I know it’s really popular to hate STEM. I would say you don’t have to do that and it’s okay to be more interested and love your classes. With STEM, you have to put in a little more work yourself. A good teacher can help, but you have to be willing to study for it and find your passion in it. If you don’t necessarily like it, that’s okay also. You have to think past the sheer amount of stuff that’s thrown at you and think about how cool it is. The way our cells work and how it makes us human and finding joy and wonder in STEM is what helps get past the difficulty, so you can think past what’s being thrown at you to how awesome it actually is.
What would you say to a young girl who is really excited about STEM?

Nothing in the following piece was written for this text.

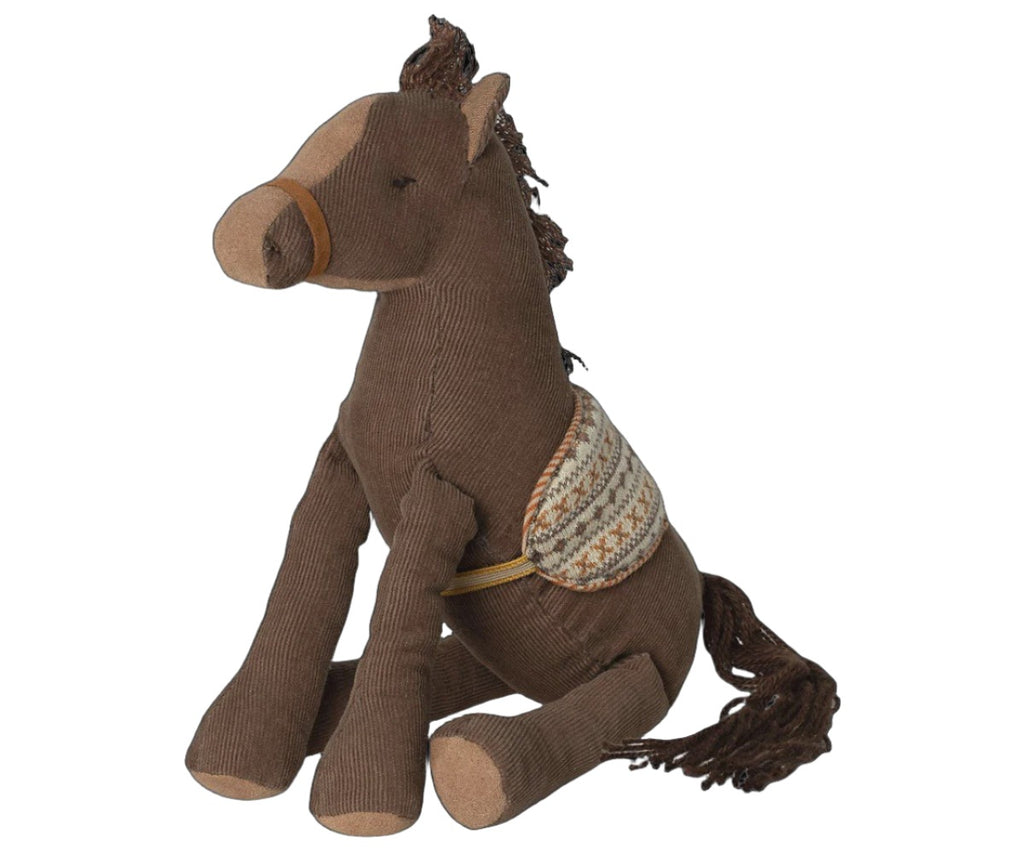 The brown pony is made of beautiful soft corduroy and has a harness on the back. Ready to start the adventure of a lifetime?

I guess I would kind of say the same thing. It’s okay to love it! I know when I was in high school, I would kind of diminish my love for it. And you know, if you’re good at it, I diminished being good at it. I would pretend I failed the test or I was bad at it, but in all actuality, I loved it and thought I was good at it. And also, not being afraid to fail at something. You can’t be good at everything and for me, physics was the bad part. Yeah, it’s so bad! But I had to take it and got through it and could focus on the other parts that I liked.
What would you say to yourself 10 years ago?
You don’t have to have every single thing planned out and go in a single straight line. MY experience with STEM was all over the place. I started out in this one place and went over to healthcare and went somewhere else in healthcare and ended up not doing healthcare at all. Also, listening to yourself and your passion, not if there are jobs in it or what other people say. Actually finding what your passion is and following it is this advice I wish I had. Following my passions is what led me to where I’m at, but starting out, it took me a little time to figure that out. And it’s okay to be bad at something.
What would you say drives you when you don’t want to work?
With science, I found that things usually go wrong more often than they go right. It’s so common to fail an experiment. Instead of letting it ruin my day, I take it in stride and that’s science, you fail things everyday. It keeps me going and when you get one good set of results, it’s so cool and it keeps you going. Keep in mind, science is never going to go the way you think it is. There’s always something new to discover and a new way to think about something.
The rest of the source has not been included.